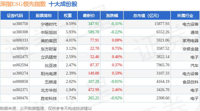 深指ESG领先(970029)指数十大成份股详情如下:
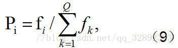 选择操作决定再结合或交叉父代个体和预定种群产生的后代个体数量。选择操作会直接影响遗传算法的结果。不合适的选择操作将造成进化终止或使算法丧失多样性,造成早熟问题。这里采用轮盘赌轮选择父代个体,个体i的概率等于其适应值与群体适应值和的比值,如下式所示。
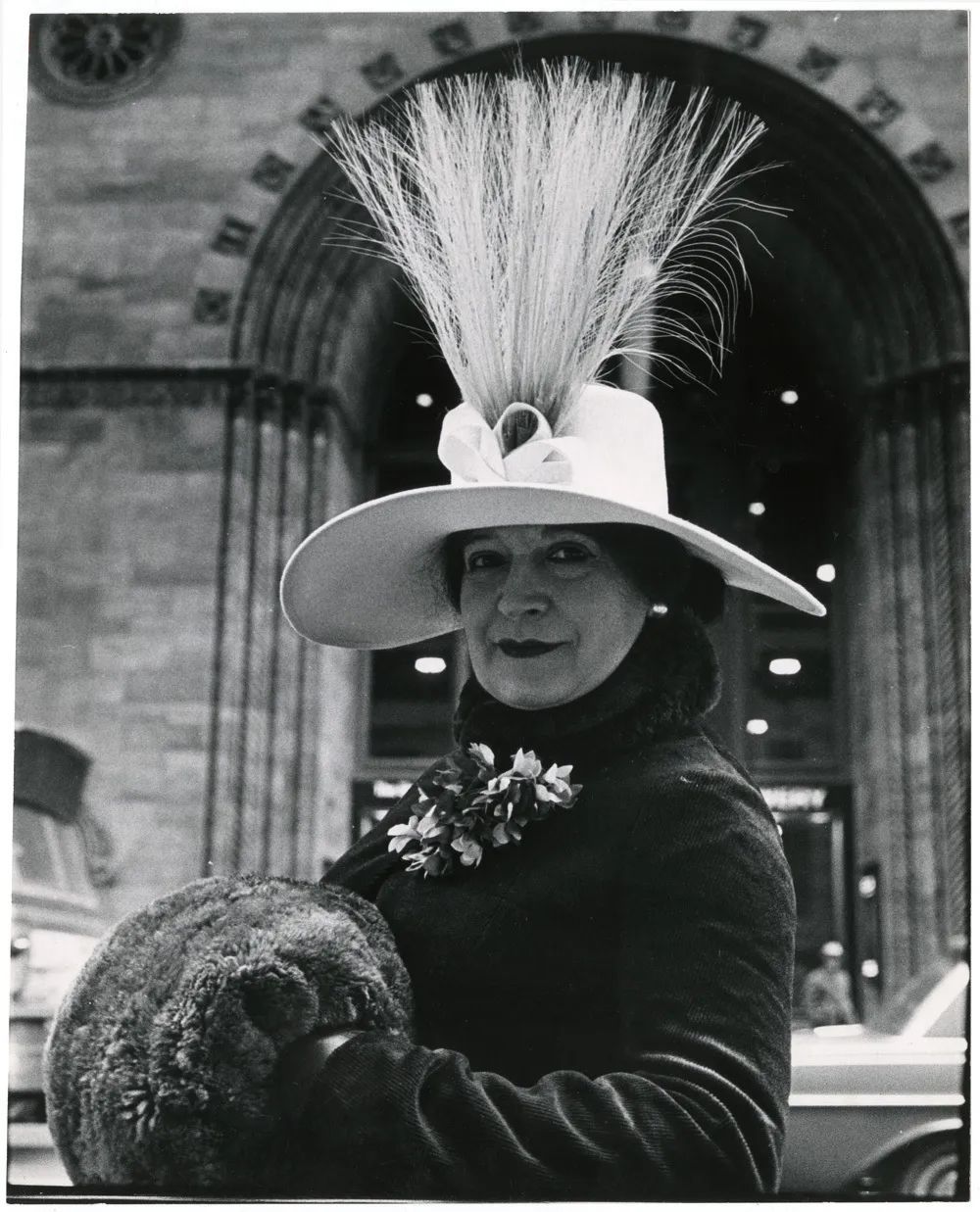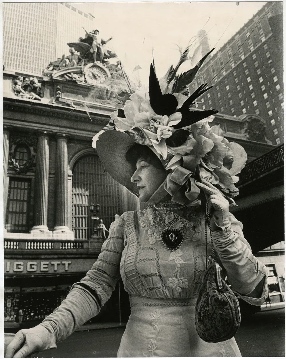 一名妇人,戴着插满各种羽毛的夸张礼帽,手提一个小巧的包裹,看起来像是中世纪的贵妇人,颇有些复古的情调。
==
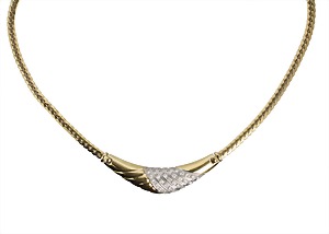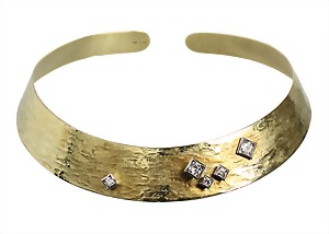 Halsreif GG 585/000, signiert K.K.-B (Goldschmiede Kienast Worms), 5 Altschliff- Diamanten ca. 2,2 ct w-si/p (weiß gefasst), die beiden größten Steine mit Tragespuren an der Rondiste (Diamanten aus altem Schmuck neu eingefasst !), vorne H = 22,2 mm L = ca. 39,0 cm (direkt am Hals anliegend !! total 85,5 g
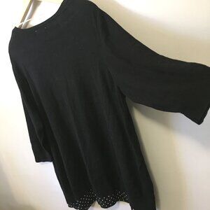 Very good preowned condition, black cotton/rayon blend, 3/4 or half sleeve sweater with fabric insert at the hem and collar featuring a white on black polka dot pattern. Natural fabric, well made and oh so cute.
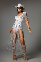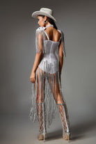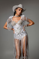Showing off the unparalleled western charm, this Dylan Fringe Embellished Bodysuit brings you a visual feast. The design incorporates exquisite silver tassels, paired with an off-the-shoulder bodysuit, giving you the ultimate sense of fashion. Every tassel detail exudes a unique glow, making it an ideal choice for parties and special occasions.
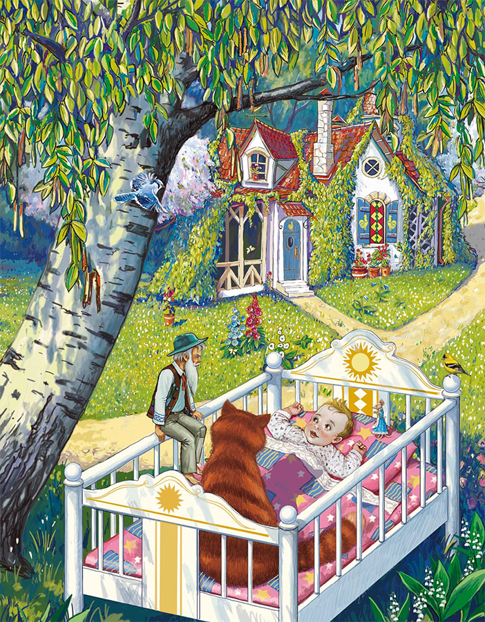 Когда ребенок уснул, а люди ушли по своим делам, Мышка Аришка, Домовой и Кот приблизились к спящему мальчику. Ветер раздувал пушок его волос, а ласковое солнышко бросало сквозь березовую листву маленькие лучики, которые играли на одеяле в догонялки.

*REQUIREMENT*
In the listing above, find the line containing "Showing off the". Output it and every line after it up to and including the line containing "Когда ребенок уснул, а", exactly, but skip the pictures.

*COMPLETED TASK*
Showing off the unparalleled western charm, this Dylan Fringe Embellished Bodysuit brings you a visual feast. The design incorporates exquisite silver tassels, paired with an off-the-shoulder bodysuit, giving you the ultimate sense of fashion. Every tassel detail exudes a unique glow, making it an ideal choice for parties and special occasions.
 Когда ребенок уснул, а люди ушли по своим делам, Мышка Аришка, Домовой и Кот приблизились к спящему мальчику. Ветер раздувал пушок его волос, а ласковое солнышко бросало сквозь березовую листву маленькие лучики, которые играли на одеяле в догонялки.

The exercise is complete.